Source material:

::::

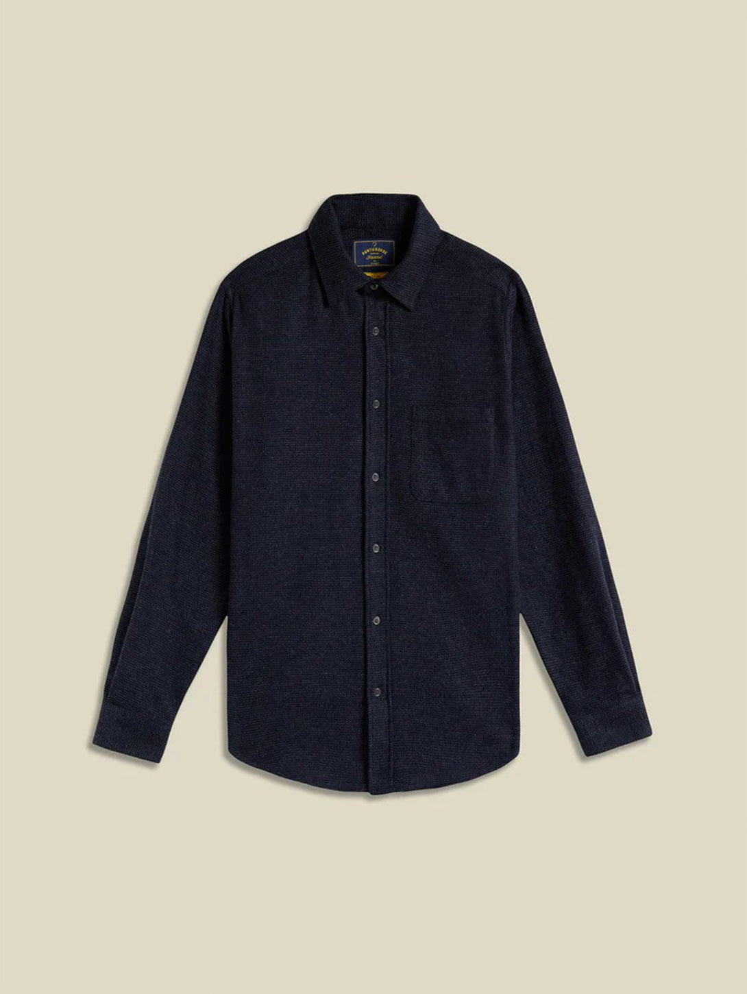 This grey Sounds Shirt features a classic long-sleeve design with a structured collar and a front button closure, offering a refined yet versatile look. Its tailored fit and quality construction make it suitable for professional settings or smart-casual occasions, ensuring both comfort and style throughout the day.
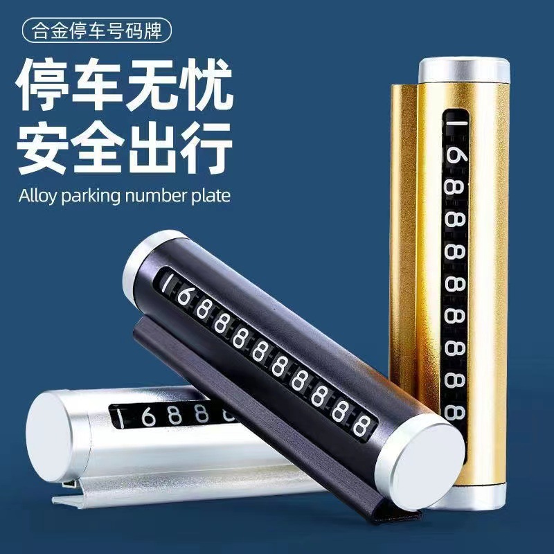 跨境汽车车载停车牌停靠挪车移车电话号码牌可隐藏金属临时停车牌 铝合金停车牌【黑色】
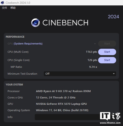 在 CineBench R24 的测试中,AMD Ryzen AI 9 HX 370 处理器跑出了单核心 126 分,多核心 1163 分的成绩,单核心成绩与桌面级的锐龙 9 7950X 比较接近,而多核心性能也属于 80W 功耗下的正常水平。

::::

Your task:
Return an exact copy of the data above, apart from any pictures.

Exercise response:
 This grey Sounds Shirt features a classic long-sleeve design with a structured collar and a front button closure, offering a refined yet versatile look. Its tailored fit and quality construction make it suitable for professional settings or smart-casual occasions, ensuring both comfort and style throughout the day.
 跨境汽车车载停车牌停靠挪车移车电话号码牌可隐藏金属临时停车牌 铝合金停车牌【黑色】
 在 CineBench R24 的测试中,AMD Ryzen AI 9 HX 370 处理器跑出了单核心 126 分,多核心 1163 分的成绩,单核心成绩与桌面级的锐龙 9 7950X 比较接近,而多核心性能也属于 80W 功耗下的正常水平。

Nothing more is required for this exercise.